■ **Source data**
= = =
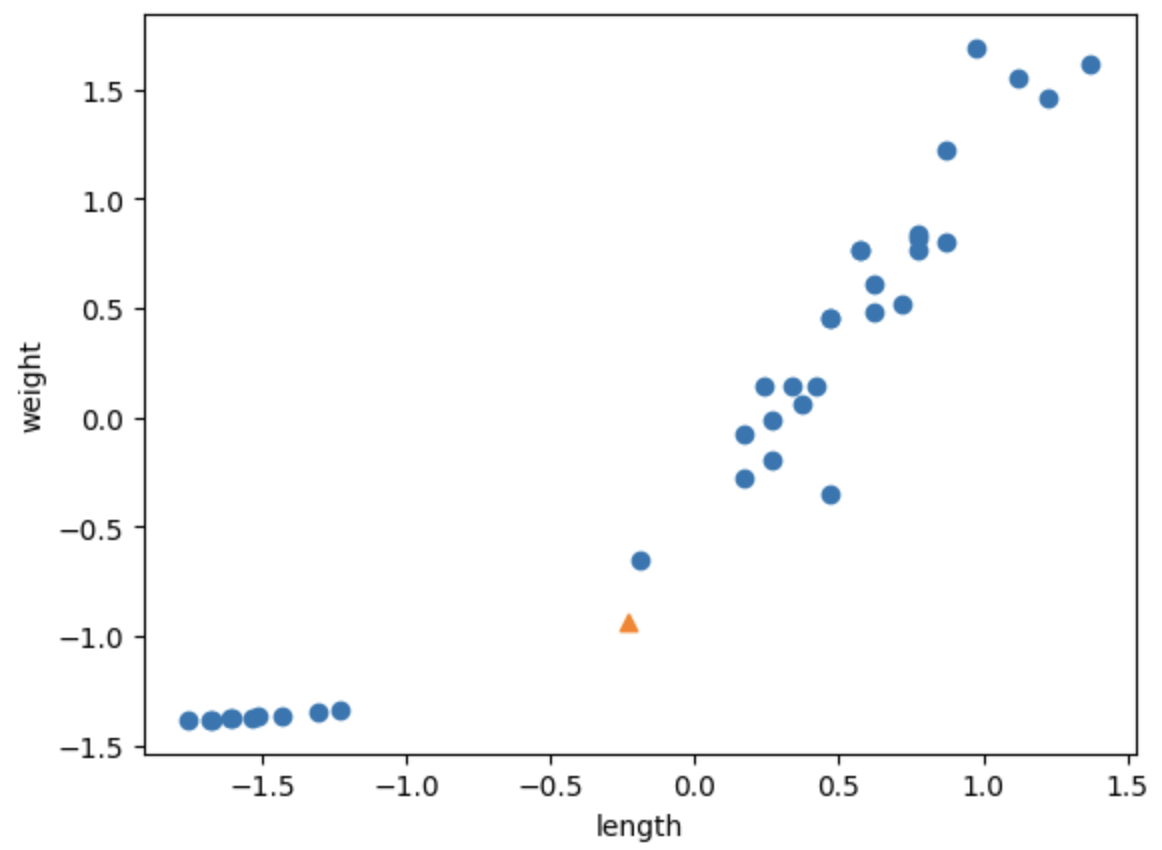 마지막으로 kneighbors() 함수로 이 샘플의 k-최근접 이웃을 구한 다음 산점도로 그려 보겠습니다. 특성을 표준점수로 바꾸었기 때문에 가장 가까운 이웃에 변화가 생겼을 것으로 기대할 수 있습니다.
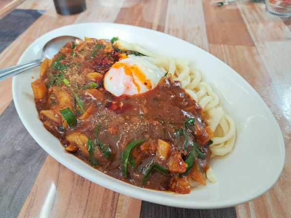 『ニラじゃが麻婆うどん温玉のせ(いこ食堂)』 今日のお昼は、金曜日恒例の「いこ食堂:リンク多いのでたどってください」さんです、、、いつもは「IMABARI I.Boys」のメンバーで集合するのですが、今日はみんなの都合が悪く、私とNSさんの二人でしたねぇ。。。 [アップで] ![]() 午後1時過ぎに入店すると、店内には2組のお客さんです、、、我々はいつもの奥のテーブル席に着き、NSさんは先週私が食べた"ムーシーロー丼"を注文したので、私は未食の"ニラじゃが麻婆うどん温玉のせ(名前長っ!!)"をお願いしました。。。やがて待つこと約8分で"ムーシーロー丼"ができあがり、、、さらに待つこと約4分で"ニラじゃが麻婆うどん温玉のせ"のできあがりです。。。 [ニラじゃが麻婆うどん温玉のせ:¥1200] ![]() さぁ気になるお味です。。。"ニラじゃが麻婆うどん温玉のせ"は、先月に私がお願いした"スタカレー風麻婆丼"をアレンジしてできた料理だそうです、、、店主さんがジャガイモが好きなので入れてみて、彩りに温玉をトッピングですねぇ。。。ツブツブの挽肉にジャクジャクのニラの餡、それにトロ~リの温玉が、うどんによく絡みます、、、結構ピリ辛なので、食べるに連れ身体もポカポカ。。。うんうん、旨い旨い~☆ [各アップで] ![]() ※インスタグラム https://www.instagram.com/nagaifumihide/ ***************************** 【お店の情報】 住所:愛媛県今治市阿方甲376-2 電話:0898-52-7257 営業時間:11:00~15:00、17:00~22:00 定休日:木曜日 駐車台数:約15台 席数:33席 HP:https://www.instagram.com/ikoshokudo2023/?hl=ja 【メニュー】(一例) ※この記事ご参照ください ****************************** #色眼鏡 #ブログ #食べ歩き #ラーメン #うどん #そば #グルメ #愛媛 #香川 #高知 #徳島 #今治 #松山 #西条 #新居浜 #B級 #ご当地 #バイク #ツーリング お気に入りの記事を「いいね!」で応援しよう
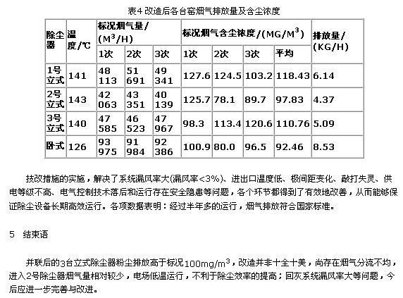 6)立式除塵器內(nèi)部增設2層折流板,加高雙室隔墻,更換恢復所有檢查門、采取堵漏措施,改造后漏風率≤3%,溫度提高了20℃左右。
= = =
■ **Exercise aim**
Would you restate, word for word and with no pictures, only the lines from the opening of the material through the line with "#バイク #ツーリング お気に入りの記事を「いいね!」で応援しよう", both included?

■ **Your response**
 마지막으로 kneighbors() 함수로 이 샘플의 k-최근접 이웃을 구한 다음 산점도로 그려 보겠습니다. 특성을 표준점수로 바꾸었기 때문에 가장 가까운 이웃에 변화가 생겼을 것으로 기대할 수 있습니다.
 『ニラじゃが麻婆うどん温玉のせ(いこ食堂)』 今日のお昼は、金曜日恒例の「いこ食堂:リンク多いのでたどってください」さんです、、、いつもは「IMABARI I.Boys」のメンバーで集合するのですが、今日はみんなの都合が悪く、私とNSさんの二人でしたねぇ。。。 [アップで] ![]() 午後1時過ぎに入店すると、店内には2組のお客さんです、、、我々はいつもの奥のテーブル席に着き、NSさんは先週私が食べた"ムーシーロー丼"を注文したので、私は未食の"ニラじゃが麻婆うどん温玉のせ(名前長っ!!)"をお願いしました。。。やがて待つこと約8分で"ムーシーロー丼"ができあがり、、、さらに待つこと約4分で"ニラじゃが麻婆うどん温玉のせ"のできあがりです。。。 [ニラじゃが麻婆うどん温玉のせ:¥1200] ![]() さぁ気になるお味です。。。"ニラじゃが麻婆うどん温玉のせ"は、先月に私がお願いした"スタカレー風麻婆丼"をアレンジしてできた料理だそうです、、、店主さんがジャガイモが好きなので入れてみて、彩りに温玉をトッピングですねぇ。。。ツブツブの挽肉にジャクジャクのニラの餡、それにトロ~リの温玉が、うどんによく絡みます、、、結構ピリ辛なので、食べるに連れ身体もポカポカ。。。うんうん、旨い旨い~☆ [各アップで] ![]() ※インスタグラム https://www.instagram.com/nagaifumihide/ ***************************** 【お店の情報】 住所:愛媛県今治市阿方甲376-2 電話:0898-52-7257 営業時間:11:00~15:00、17:00~22:00 定休日:木曜日 駐車台数:約15台 席数:33席 HP:https://www.instagram.com/ikoshokudo2023/?hl=ja 【メニュー】(一例) ※この記事ご参照ください ****************************** #色眼鏡 #ブログ #食べ歩き #ラーメン #うどん #そば #グルメ #愛媛 #香川 #高知 #徳島 #今治 #松山 #西条 #新居浜 #B級 #ご当地 #バイク #ツーリング お気に入りの記事を「いいね!」で応援しよう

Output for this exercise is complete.